There is another objection which becomes very obvious if we compare the British system of national insurance with the Republic’s pay-related social insurance. While having similar origins and purposes, the two systems have become quite different over time with regards to both contributions and benefits. For example, the Republic’s system is generally more progressive as contributions are not capped for higher paid employees – you pay four per cent on all earnings from €352 per week upwards (less a credit of €12 which disappears once earnings exceed €424). But the British system charges employees 12 per cent on earnings between £184 and £967 per week (£50k per annum). After that, the charge drops to two per cent. The higher paid get off lightly and benefit disproportionately through tax reliefs on private pension contributions.
 
With respect to state pensions, the British system provides a lower level of pension than most other advanced economies relative to average earnings – the Republic’s state pension is worth about 50 per cent more than the British one at the moment. The British system relies much more on private pension provision through occupational and personal pension schemes.
 
In short, the Republic’s social insurance system retains some integrity as a hypothecated tax which goes to a ring-fenced fund to pool the risks of short-term interruptions to work and to finance the state pension. But only up to a point. The integrity of social insurance was dealt a serious blow in the Republic when the pension reserve fund was raided to the tune of €21 billion in 2009 to help deal with the banking crisis. In Britain, funds raised through NICs could be spent on defence and few would notice.
 
Would it be more progressive to raise income tax instead of national insurance? Under the British system the answer is ‘no’. The Institute for Fiscal Studies looked at this question and found that the richest 10 per cent of families would contribute about the same under a NIC rise as an income tax increase, though the latter is slightly more progressive. A more striking difference is by age. Under an income tax increase, households with someone aged 66 and older would contribute much more than under an NIC increase.
 

The costs of social care and NHS recovery may be the immediate concern but there are plenty of others, even before we get on to the lack of planning over the climate crisis. By May 2021, the pandemic had cost the British Exchequer £372 billion in earmarked funding. “Support for the devolved administrations” amounts to £25.9 billion of which £4.6 billion has come to the North. As a result of Covid public health measures, economies have shrunk and that means a smaller tax base. According to one estimate (by Ernst & Young) the North’s economy shrunk by 10 per cent in 2020 compared to 5.4 per cent for the Republic. The effects of Brexit are becoming ever more apparent in Britain, albeit disguised by the pandemic and the brazen dishonesty of those still blaming the EU for the UK’s third country status. 
 
There are always other policy choices, especially when it comes to taxation and distribution. For instance, Oxfam estimates that the world’s 2,690 billionaires fared astonishingly well during the pandemic, increasing their wealth by 69 per cent. It cites the example of Amazon’s Jeff Bezos whose wealth increased from $113 billion in March 2020 to $192.4 billion. Oxfam says that billionaire wealth went up more in the last 17 months than over the past 15 years.                                                                                                                 

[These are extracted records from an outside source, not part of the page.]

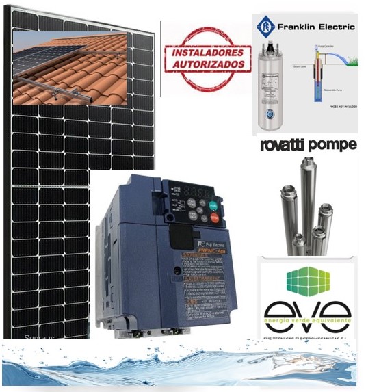 7 modulos fotovoltaicos Canadian solar de 550wp proporcionara la tensión adecuada a un variador de velocidad Fuji Electric FRENIC -Ace de 2cv de potencia especifico para bombeo solar, el cual de manera instantánea y eficaz a través de su sistema MPPT regulara la velocidad del motor en función de la potencia que suministre el campo fotovoltaico proporcionando un flujo continuo de agua con un caudal a su máxima potencia de 7 horas en verano y 3 en invierno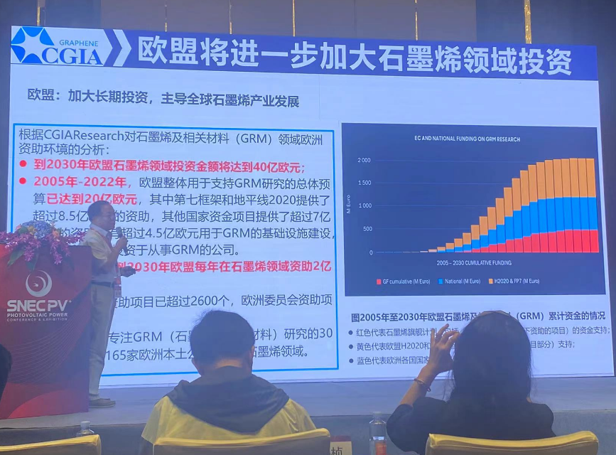 在6.14日(ri)第(di)8屆石墨(mo)烯及(ji)新(xin)材(cai)料前沿應(ying)用(yong)技術高峰討論(lun)上,李義春(chun)先生就全球石墨(mo)烯發展趨勢與(yu)石墨(mo)烯在電光領域的應(ying)用(yong)分享(xiang)。 首先介紹國(guo)內石墨(mo)烯發展趨勢(shi),國(guo)家投(tou)資8個億來發展。 截止(zhi)2024年(nian)05月10日(ri),國內在工商部門注冊(ce)涉及石(shi)(shi)墨(mo)烯(xi)相關(guan)業(ye)務的(de)存續(xu)企業(ye)數(shu)量達到5.8萬家(jia),其中(zhong),擁有專利的(de)企業(ye)數(shu)量11521家(jia),高新技(ji)術企業(ye)5474家(jia),有融資的(de)871家(jia),專精特新企業(ye)30多家(jia)。“石(shi)(shi)墨(mo)烯(xi)熱”仍在持續(xu),全國已成立石(shi)(shi)墨(mo)烯(xi)產(chan)業(ye)園60家(jia),石(shi)(shi)墨(mo)烯(xi)研(yan)究院113家(jia),石(shi)(shi)墨(mo)烯(xi)產(chan)業(ye)創新中(zhong)心17家(jia)。 其次(ci)介紹歐盟加大發展石墨(mo)烯發展,截止(zhi)到2030年(nian)歐盟每年(nian)在(zai)石墨(mo)烯投資(zi)資(zi)助達到2億。項目(mu)超過2600個。 最后介紹了(le)石墨烯是一種新材料,發展前景十分廣闊。一旦實現了(le)成功的(de)顛覆性創(chuang)新,市場就會以波瀾壯闊的(de)交易生成進行回(hui)應。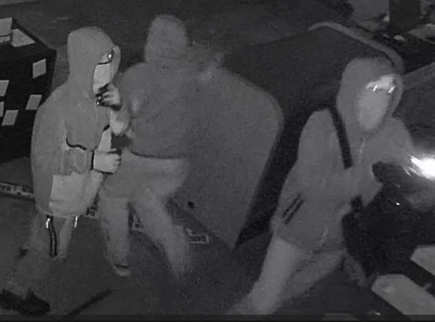 Surveillance cameras inside Strykers Shooting World captured images, including this one, of the suspects who broke into and burglarized the store early Saturday morning.

So how about taxing some of that wealth? Instead what we are about to see is £20 per week taken away from 120,000 of the North’s Universal Credit claimants, many of whom are working. This will be the biggest ever overnight benefit cut in the history of British social security. That’s timely coming up to winter when gas prices are rising by 20 per cent and electricity by 10 per cent. Last winter, death by Covid. This winter, death by hypothermia?